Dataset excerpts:
────

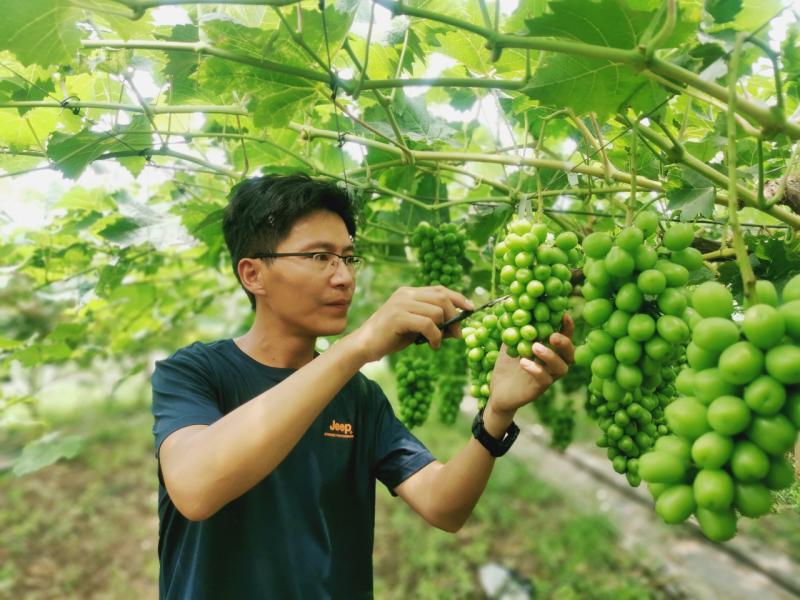 今年35歲的楊建看起來和普通的農(nóng)民沒啥兩樣,常年的勞動使得他皮膚黝黑,飽經(jīng)滄桑的雙手磨出了厚厚的繭子,看不出他是一個擁有研究生學(xué)歷的讀書人。500多度的近視鏡和談及葡萄時那種滔滔不絕侃侃而談的話語,“營養(yǎng)生長抑制”、“頂端優(yōu)勢”等一個個專業(yè)名詞和盤托出讓人感覺他又與普通農(nóng)民有點不一樣。楊建一邊介紹著,一邊摘下一串陽光玫瑰葡萄讓筆者品嘗,葡萄水多、甘甜,帶著濃濃的玫瑰花香,沁人心脾。
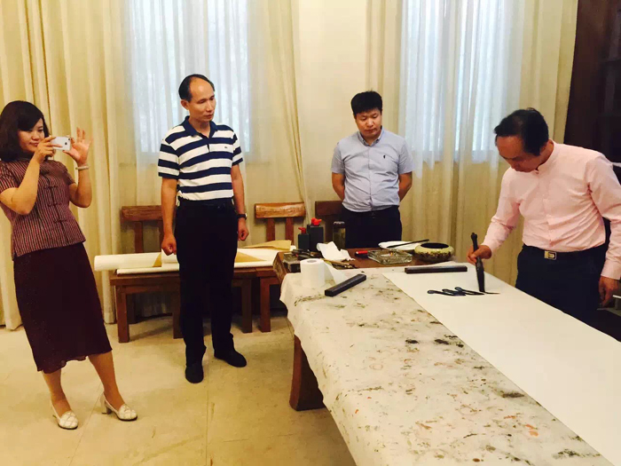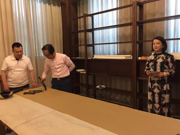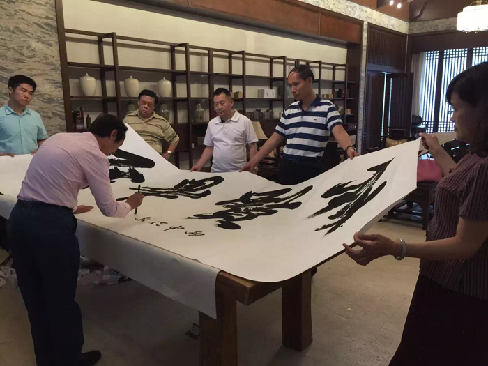 看着徐老师从容淡定之间一幅幅龙飞凤舞、飘逸潇洒的翰墨便跃然纸上,世侨会领导激动地表示:要进一步加强与徐双喜老师的合作,一起弘扬中华的传统艺术,让榜书艺术走向世界!
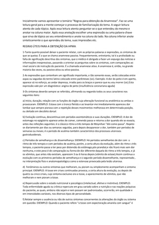 1) A anamnese deve permitir que o paciente fale espontaneamente sobre os sintomas, mas o médico pode precisar interferir para orientar as perguntas caso o relato seja prolixo ou falta de significado. 2) É importante registrar expressões ou frases do paciente que fornecem indícios diagnósticos, colocando-as entre aspas ou seguidas de "(sic)". 3) Os sintomas devem ser caracterizados quanto a início, duração, fatores de melhora ou piora, evolução contínua ou descontínua,
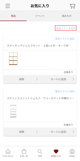無印良品では、MUJIパスポートでお気に入り登録をした商品をまとめて配送リストをつくることができます。
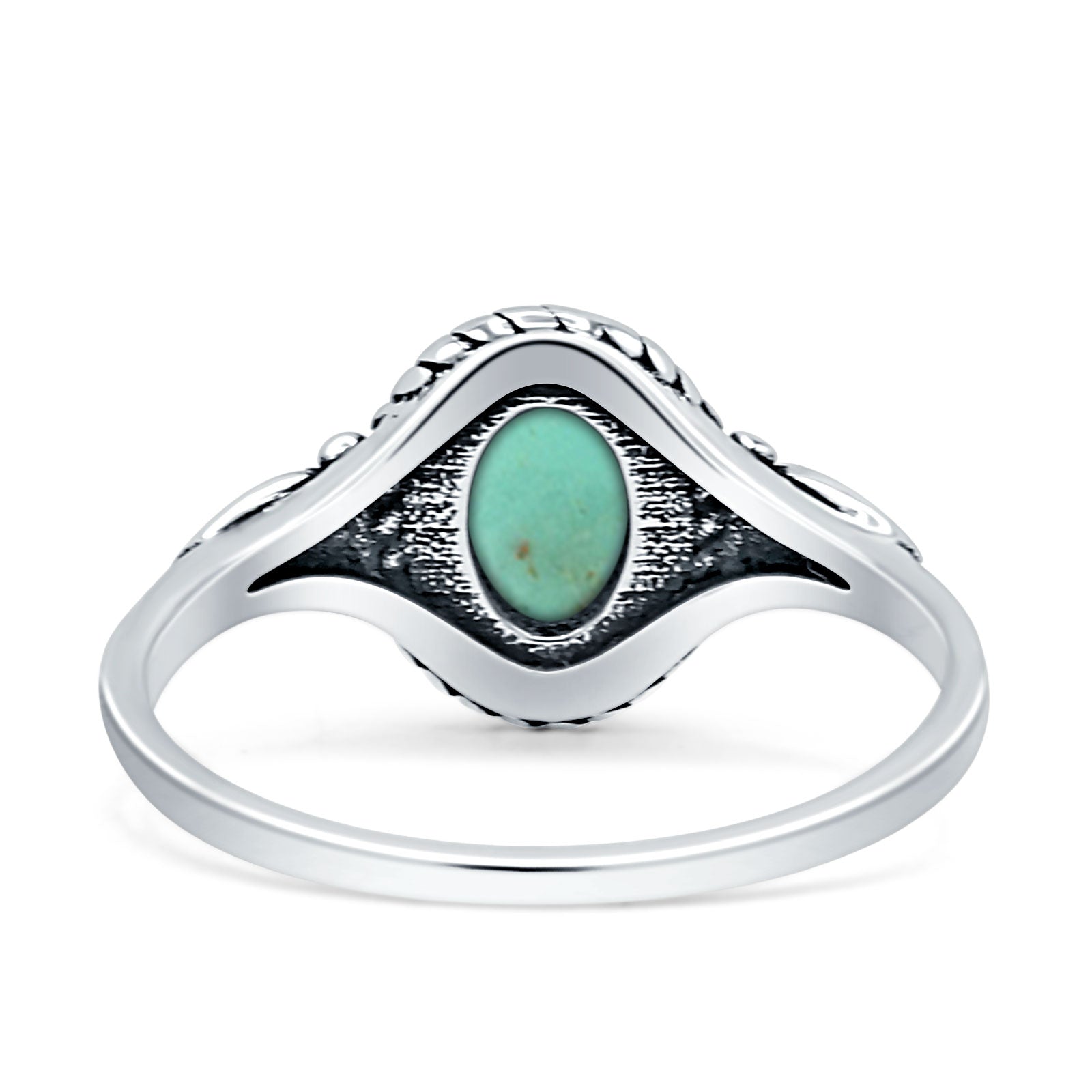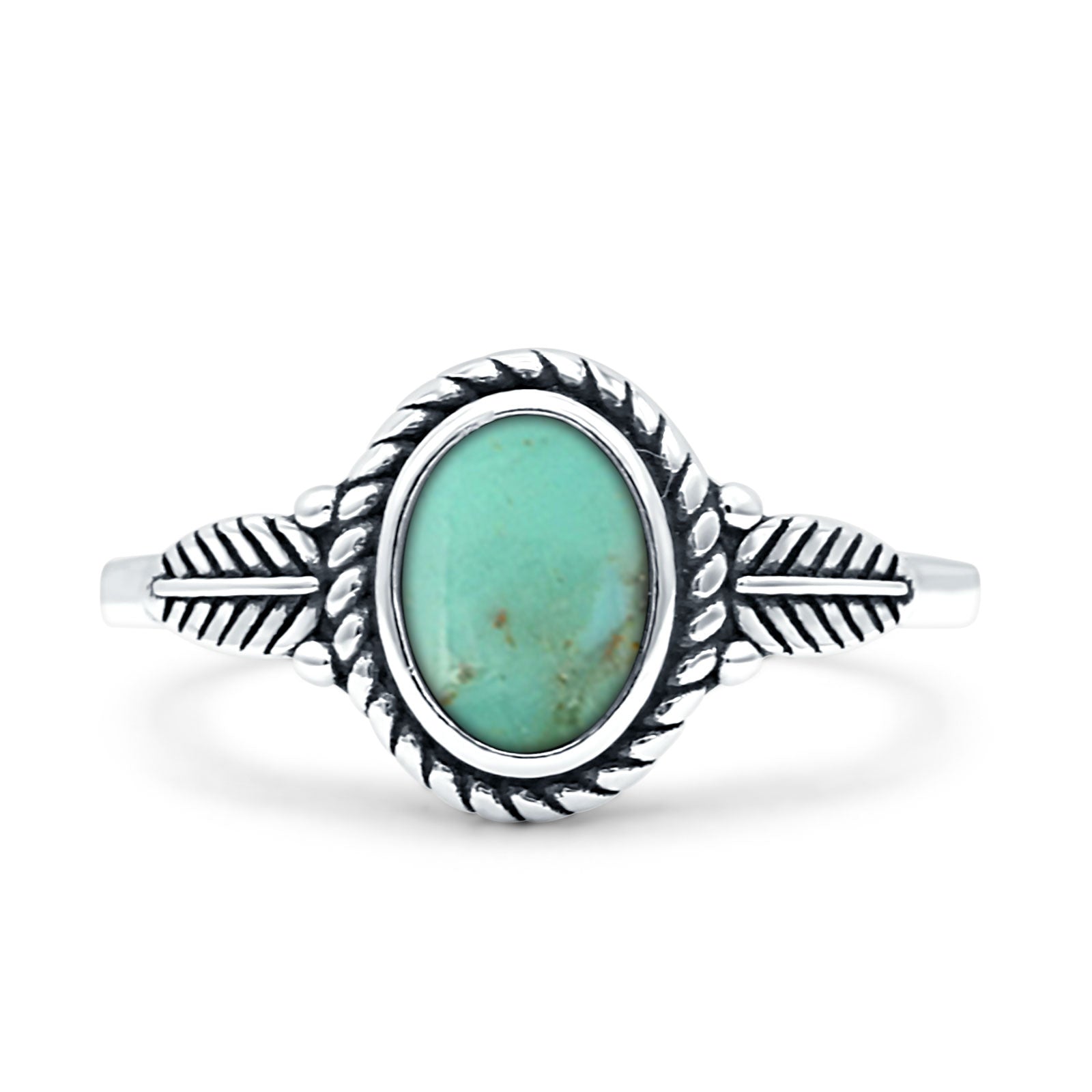 Oval Turquoise Twisted Rope Leaf Ring Oxidized 925 Sterling Silver Wholesale
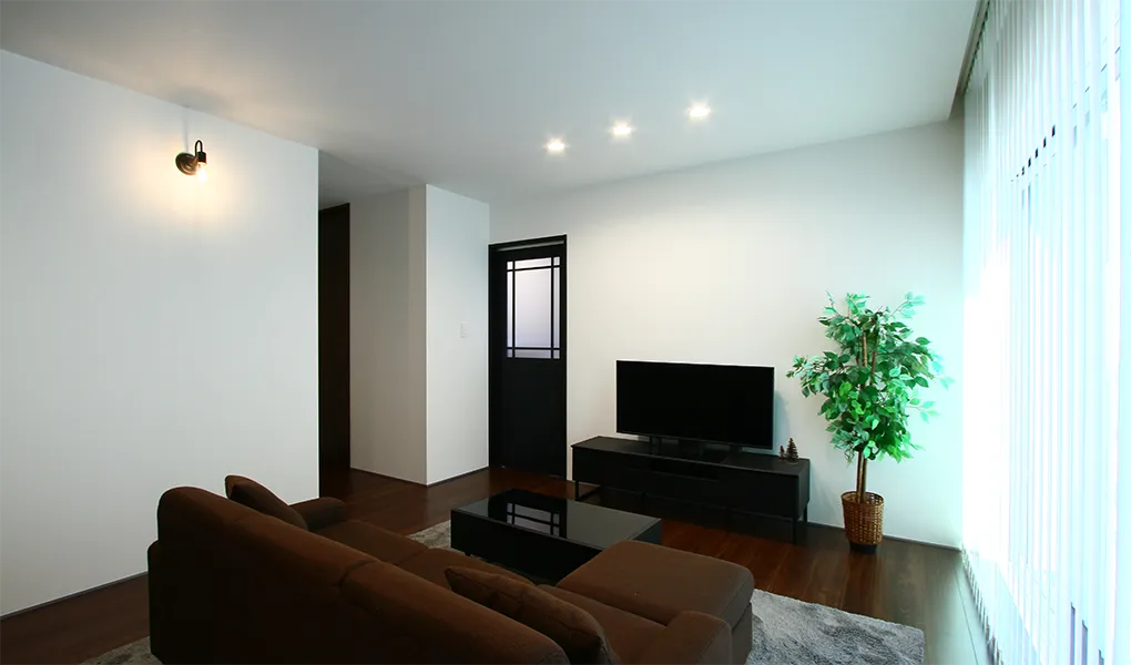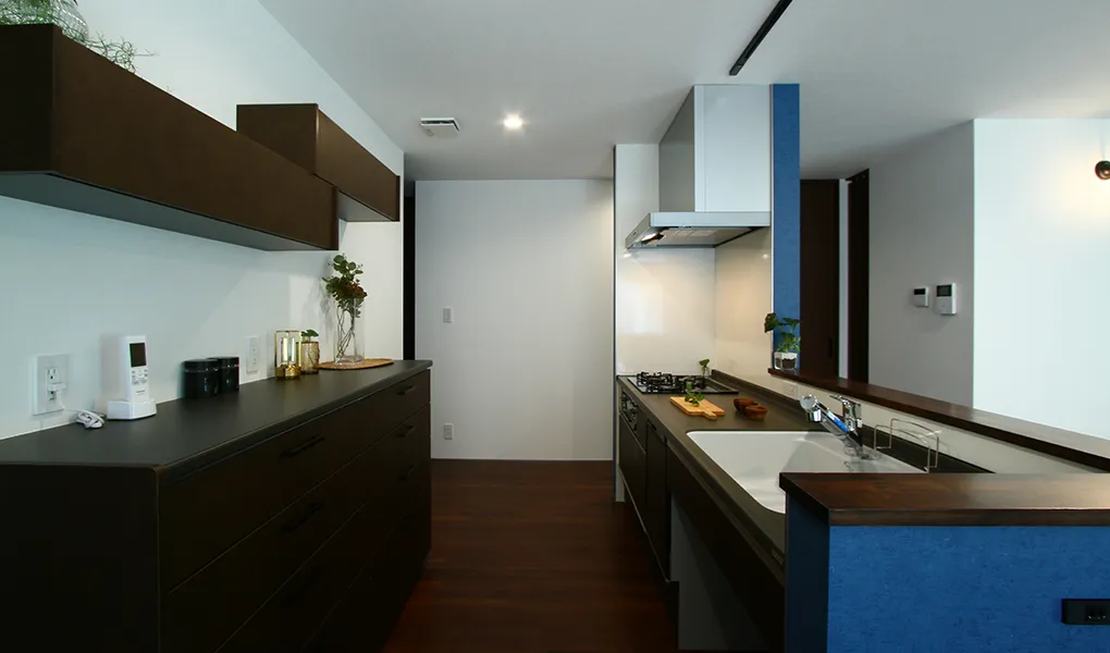 ダークブラウンの床にアクセントのネイビーが映えるインテリア。お施主様がこだわった格子ガラスデザインの引き戸や絵画を照らすためのブラケットライトが、空間に深みと趣を添えています。お気に入りの色とデザインに囲まれる、心安らぐ日常を演出しました。
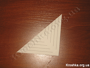 Распечатав или расчертив вручную, вырезаем 6 квадратов нашей будущей объемной снежинки и каждый складываем по диагонали, чтобы белая (пустая) полоса была по центру.

────

Pick up at the line that holds "看着徐老师从容淡定之间一幅幅" and restate each line, word for word, through the last line of the entries. Include both end lines but none of the pictures.

 看着徐老师从容淡定之间一幅幅龙飞凤舞、飘逸潇洒的翰墨便跃然纸上,世侨会领导激动地表示:要进一步加强与徐双喜老师的合作,一起弘扬中华的传统艺术,让榜书艺术走向世界!
 1) A anamnese deve permitir que o paciente fale espontaneamente sobre os sintomas, mas o médico pode precisar interferir para orientar as perguntas caso o relato seja prolixo ou falta de significado. 2) É importante registrar expressões ou frases do paciente que fornecem indícios diagnósticos, colocando-as entre aspas ou seguidas de "(sic)". 3) Os sintomas devem ser caracterizados quanto a início, duração, fatores de melhora ou piora, evolução contínua ou descontínua,
無印良品では、MUJIパスポートでお気に入り登録をした商品をまとめて配送リストをつくることができます。
 Oval Turquoise Twisted Rope Leaf Ring Oxidized 925 Sterling Silver Wholesale
 ダークブラウンの床にアクセントのネイビーが映えるインテリア。お施主様がこだわった格子ガラスデザインの引き戸や絵画を照らすためのブラケットライトが、空間に深みと趣を添えています。お気に入りの色とデザインに囲まれる、心安らぐ日常を演出しました。
 Распечатав или расчертив вручную, вырезаем 6 квадратов нашей будущей объемной снежинки и каждый складываем по диагонали, чтобы белая (пустая) полоса была по центру.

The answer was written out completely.